Aim of the exercise:
Exactly the lines from the beginning of the listing below through the line that contains "大連是京津的門戶,北依營口市,南與山東半島隔海相望,與日本、韓國 、朝鮮 和俄羅斯" should be transcribed, and pictures must stay out.

Data:
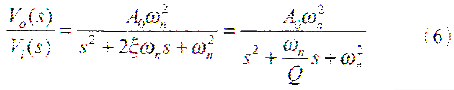 图3(a)所示,是二阶Butterworth低通滤波器(最平幅值滤波器)的一种实现电路,其传递函数为
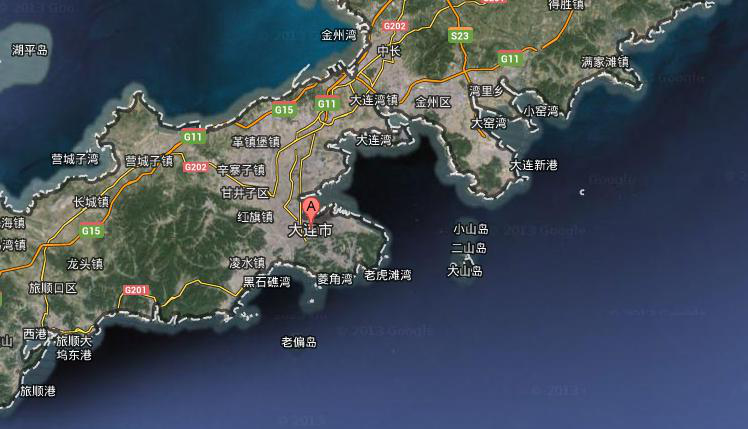大連是京津的門戶,北依營口市,南與山東半島隔海相望,與日本、韓國 、朝鮮 和俄羅斯 遠東地區相鄰,位置在120°58'至123°31',北緯38°43'至40°10'之間。全市總面積12574平方公里,其中老市區面積2415平方公里。區內山地丘陵多,平原低地少,整個地形為北高南低,北寬南窄;地勢由中央軸部向東南和西北兩側的黃、渤海 傾斜,面向黃海一側長而緩。長白山系千山山脈 余脈縱貫本區,絕大部分為山地及久經剝蝕而成的低緩丘陵,平原低地僅零星分布在河流入海處及一些山間谷地;巖溶地形 隨處可見,喀斯特地貌 和海蝕地貌 比較發育。
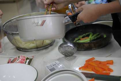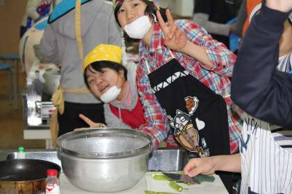 ジャガイモやニンジンなどの野菜とベーコンという身近な食材で、料理を班で協力して作っていました。みんなで作った粉ふきイモとジャーマンポテト、アスパラのベーコン巻きのお味は、どうだったでしょう?

Completed task:
 图3(a)所示,是二阶Butterworth低通滤波器(最平幅值滤波器)的一种实现电路,其传递函数为
大連是京津的門戶,北依營口市,南與山東半島隔海相望,與日本、韓國 、朝鮮 和俄羅斯 遠東地區相鄰,位置在120°58'至123°31',北緯38°43'至40°10'之間。全市總面積12574平方公里,其中老市區面積2415平方公里。區內山地丘陵多,平原低地少,整個地形為北高南低,北寬南窄;地勢由中央軸部向東南和西北兩側的黃、渤海 傾斜,面向黃海一側長而緩。長白山系千山山脈 余脈縱貫本區,絕大部分為山地及久經剝蝕而成的低緩丘陵,平原低地僅零星分布在河流入海處及一些山間谷地;巖溶地形 隨處可見,喀斯特地貌 和海蝕地貌 比較發育。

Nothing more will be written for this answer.